So a buddy and I are having a debate. Him and his brother just brewed their first batch of beer and I asked if he was going to use CO2 when he bottled it. He said no. In order to keep beer freshest for the longest amount of time, is it wise to use CO2 when bottling home brew?
I'm not sure I understand the question. CO2 is naturally produced during fermentation. homebrewers, any brewer, can referment in the bottle or keg to capture CO2 and produce carbonated beer. or the brewer can inject CO2 from another source, but this is not an option for a homebrewer who is bottling. beer is carbonated. should be anyway. maybe the debate should be about the presence of oxygen in beer? oxygen stales finished beer very quickly. CO2 good. O2 bad. Cheers.
Maybe you're talking about flushing the bottles with CO2 before filling them? Wouldn't carb the beer but could help with oxygen exposure.

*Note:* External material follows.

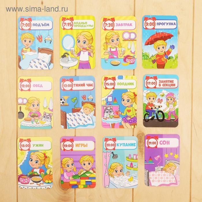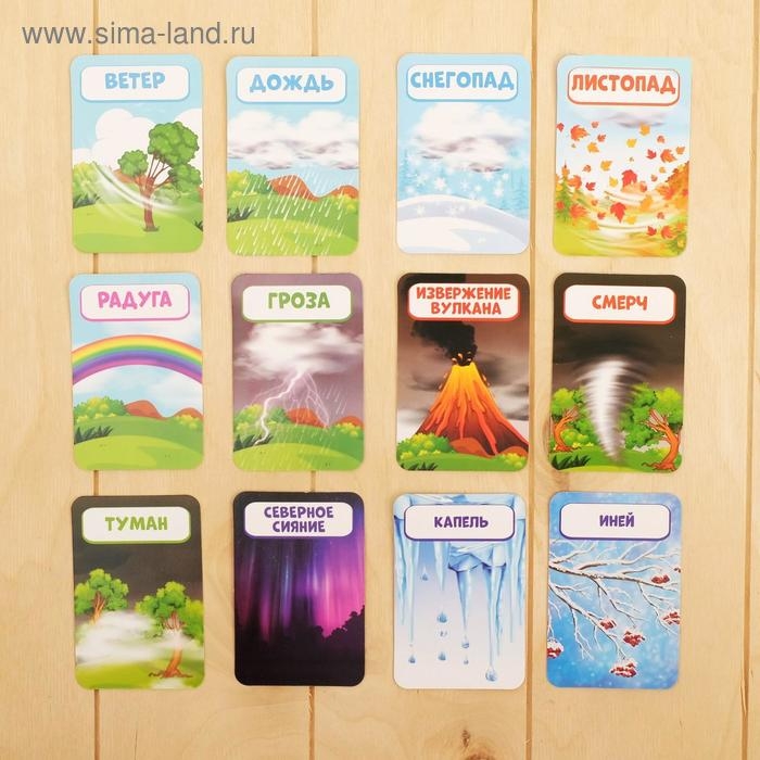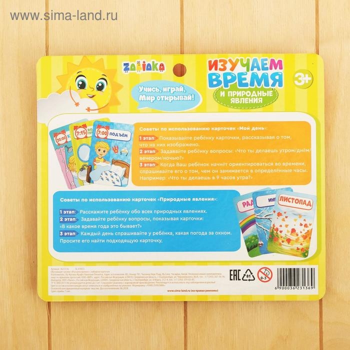 С обучающими часиками ребёнок научится определять время. А с помощью ярких карточек узнает о распорядке дня и запомнит, какие бывают природные явления.

Only the commercial brewers have the equipment that allows forced carbonation of the beer while bottling. Homebrewers have to add a tiny amount of sugar to the beer at the time of bottling, and the yeast will consume this sugar after the beer is capped, thus this small refermentation that occurs will produce the CO2 that pressurizes the bottle and carbonates the beer. It's one definition of bottle-conditioning.